Posted: May 14, 2014
Working in agriculture, you see a lot of research detailing consumers’ biggest questions about the foods that they eat and how farmers grow them. The same concerns come up over and over. If you are a communicator, you look for ways to break through the noise with real, honest answers. I worry about what I eat like anyone else. I understand why confusion over what is or isn’t healthy is a real cause for concern.
Today, a story came to my attention that directly addressed one of the concerns which I hear echoed most frequently.
“Why don’t Europeans eat GMOs if they are safe? What do they know that we don’t?”
While I have heard many scientists address this issue in lectures by offering detailed examinations of the difference between a science-based and politically-based regulatory system, The Independent, a British paper, published an article that cut to the heart of what Europeans really know about GMOs.
Interviewing United Kingdom Environment Secretary Owen Paterson, journalist Tom Bowden found the EU scientists know GMOs are actually safe.
“These products go through the most rigorous system. It’s extraordinarily closely regulated, at a national level and at a European level,” said Paterson. “We have not come up with any evidence of human health being threatened by these products.”

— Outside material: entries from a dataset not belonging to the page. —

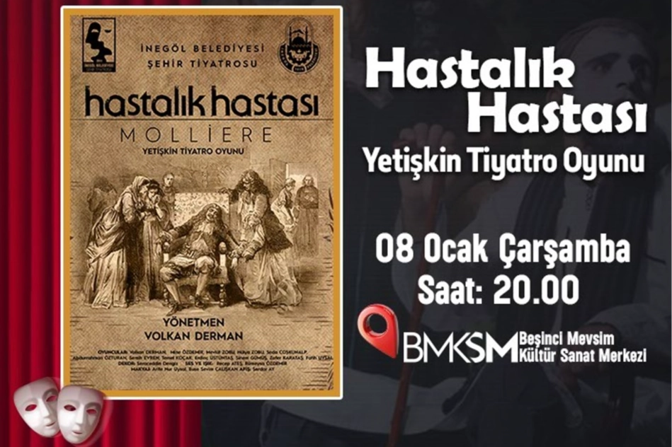İlk etkinlik 08 Ocak Çarşamba akşamı İnegöl’de kültür ve sanatın merkezi konumundaki Beşinci Mevsim Kültür Sanat Merkezinde düzenlenecek. İnegöl Belediyesi Şehir Tiyatrosunun yeni sezon oyunu olan ve ilk gösterimde ilçe halkının beğeniyle izlediği “Hastalık Hastası” isimli yetişkin tiyatro gösterisi, 20.00’da izleyici ile buluşacak. Ücretsiz biletsiz etkinlik için salon kapıları 19.00 itibariyle açılacak.
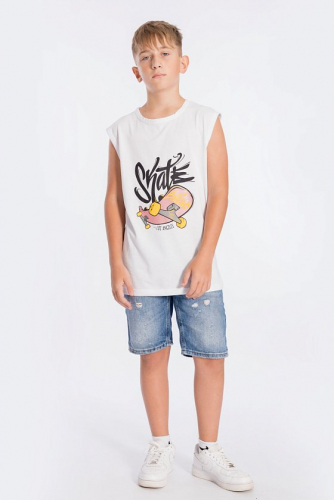Шорты для мальчика, с принтом и карманами по бокам. Низ оформлен отворотами, пояс на резине. Выполнены из хлопкового полотна.
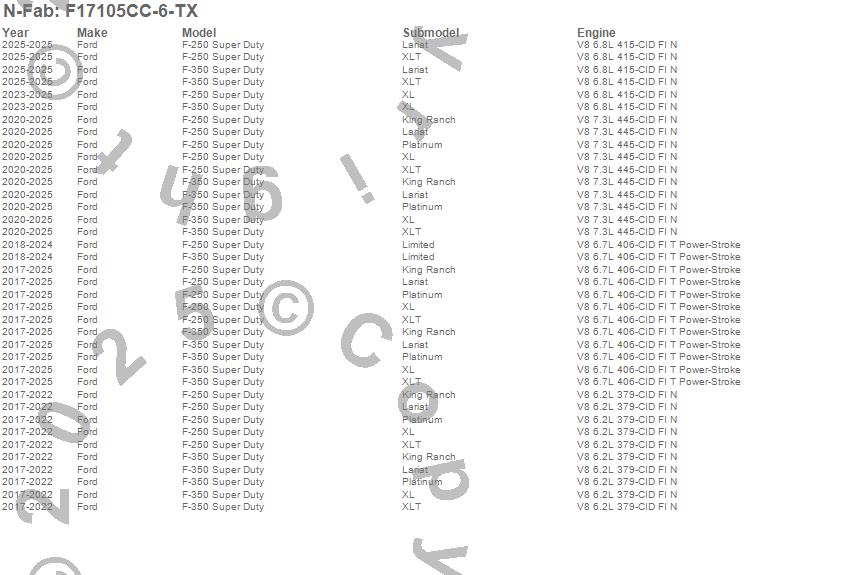 Brand: N-FabPart Number: F17105CC-6-TXNerf/Step Bar (Wheel to Wheel) Type: Textured Black - 6 Step - Special OrderUPC: 843206110445
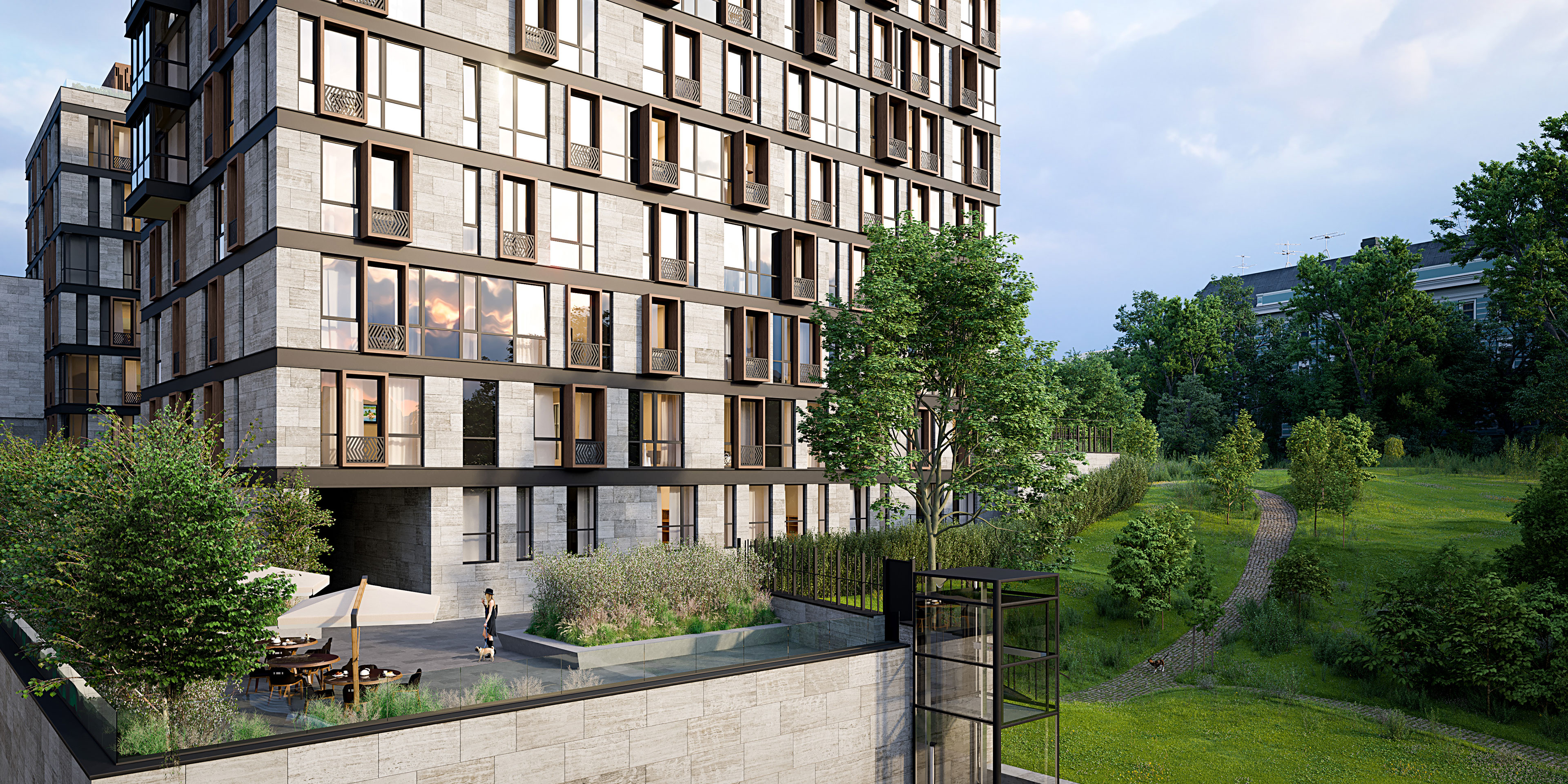 и Бульварного кольца. Комплекс представляет собой два корпуса переменной этажности с собственным выходом в парк. В доме 77 квартир площадью от 49 до 211 кв.м.
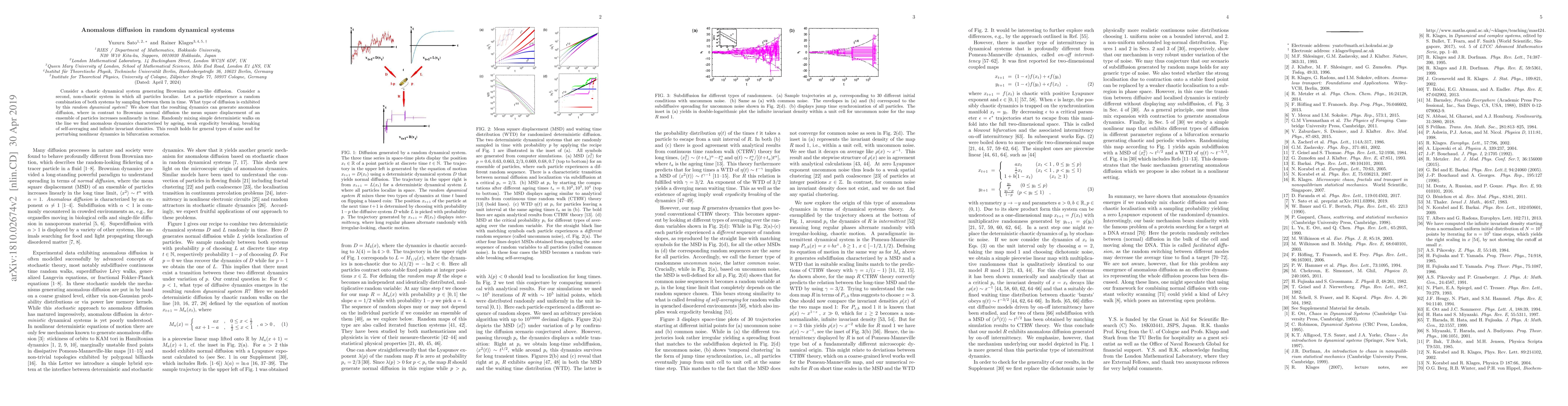 Consider a chaotic dynamical system generating Brownian motion-like diffusion. Consider a second, non-chaotic system in which all particles localize. Let a particle experience a random combination of both systems by sampling between them in time. What type of diffusion is exhibited by this {\em random dynamical system}? We show that the resulting dynamics can generate anomalous diffusion, where in contrast to Brownian normal diffusion the mean square displacement of an ensemble of particles increases nonlinearly in time. Randomly mixing simple deterministic walks on the line we find anomalous dynamics characterised by ageing, weak ergodicity breaking, breaking of self-averaging and infinite invariant densities. This result holds for general types of noise and for perturbing nonlinear dynamics in bifurcation scenarios.
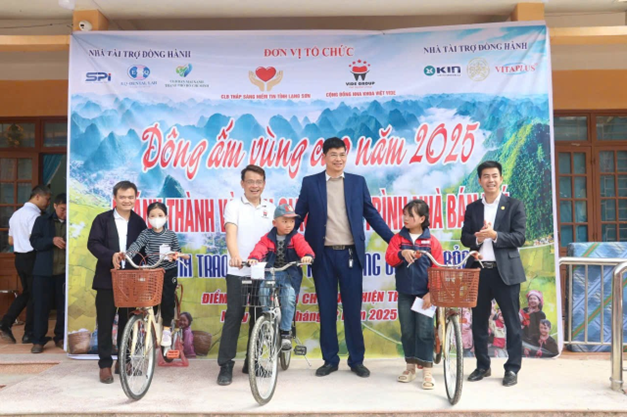 (Học sinh được nhận xe đạp của đoàn thiện nguyện).
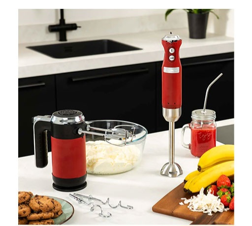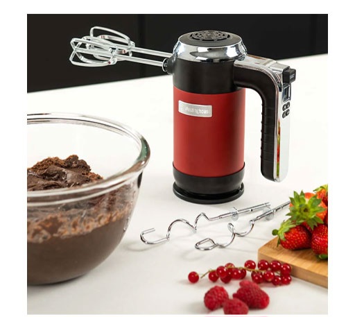 این همزن دستی قرمز به لطف طراحی شیک یکپارچه سازی با سیستم عامل،یک دارایی زیبایی شناختی برای پیشخوان یا میز ناهار خوری است.
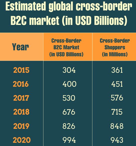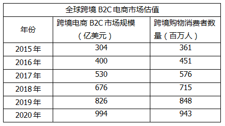 全球跨境电商B2C市场,根据年份不同,市场规模和消费者人数具体增长估值:
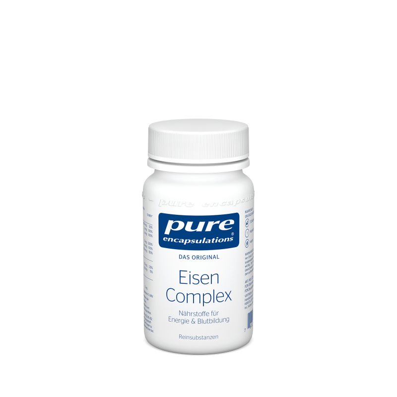 Ein hektischer Alltag verlangt uns einiges ab. Unterstützung bietet dabei Eisen: Es trägt zur Verringerung von Müdigkeit und Ermüdung bei, ist aber auch an einem gesunden Energiestoffwechsel sowie an der Bildung von roten Blutkörperchen beteiligt. Da Eisen am besten im Team arbeitet, enthält Eisen Complex von Pure Encapsulations® auch Co-Faktoren wie B-Vitamine und Vitamin C, das die Eisenaufnahme erhöht.
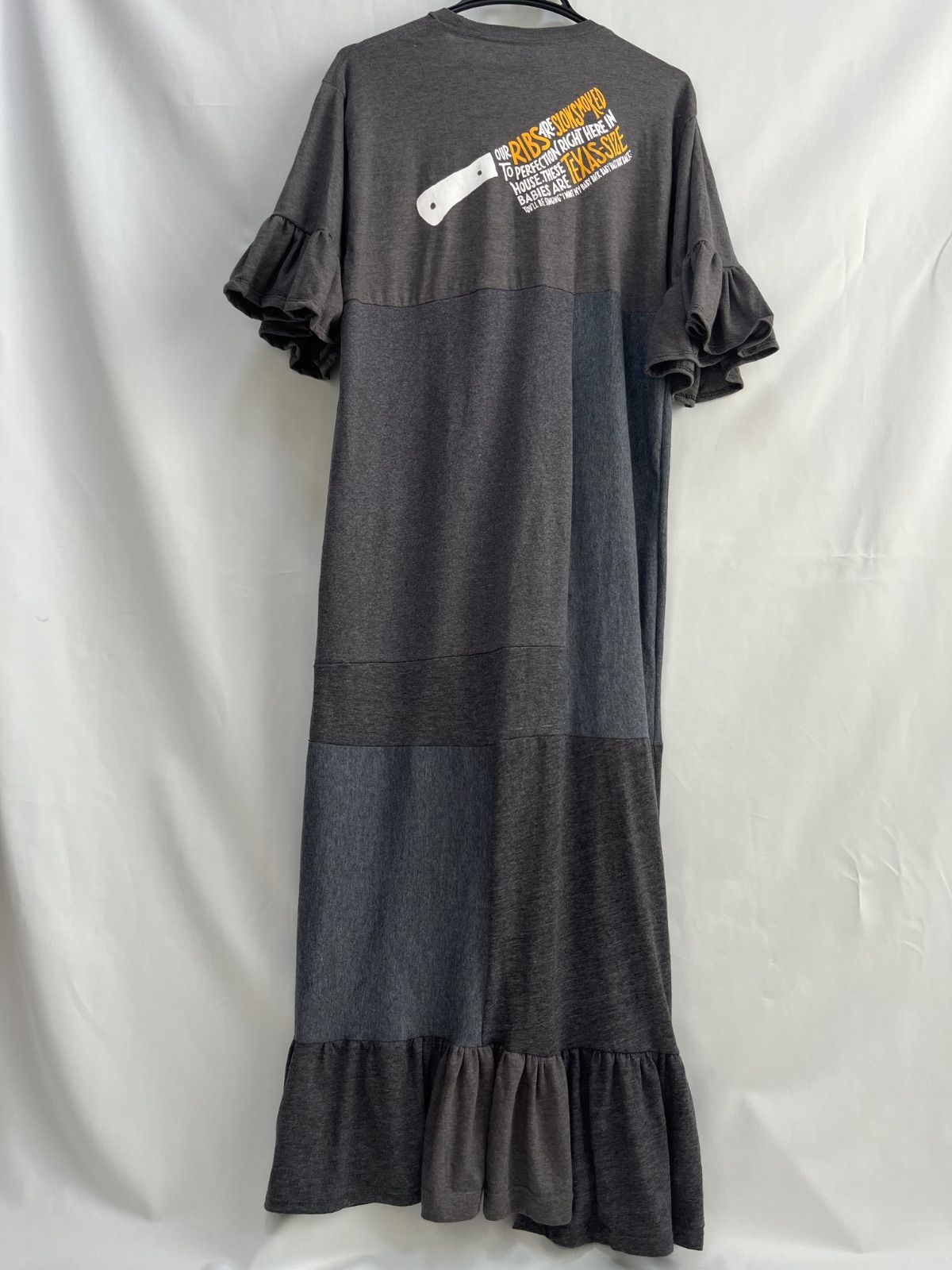 リメイク古着 remakeードッキングワンピース 半袖ロングワンピース ロゴT グレーの検索結果

Questioned after his speech on whether the safety case for GM crops over conventional one was clear cut, Paterson said: “This isn’t speculation. We have had a categoric statement from the [European Commission’s] chief scientific officer and you have the biggest field trial in human history when you think of the colossal volume of GM material that has been eaten in all those countries growing GM food.”
Paterson demonstrates how scientific understanding of the processes used to develop and regulate GMO crops does inspire trust. So much so that he hopes to “make Britain a centre for GM research and development.”
In short, the scientific experts who carefully examine GMOs day in and day out overwhelmingly embrace GMO technology. European policy shows the stains of politicians pandering to fear-based fanatics. Moving American public policy to more closely align to European on this issue would be move our country further away from the forward-facing, innovative system we know today.
In honestly answering this question despite propaganda-propelled public sentiment, Paterson’s words address not only the situation in Europe but that in America as well. EU policies are not anti-GMO because they have scientific evidence that we do not. They are anti-GMO because their public refuses to listen.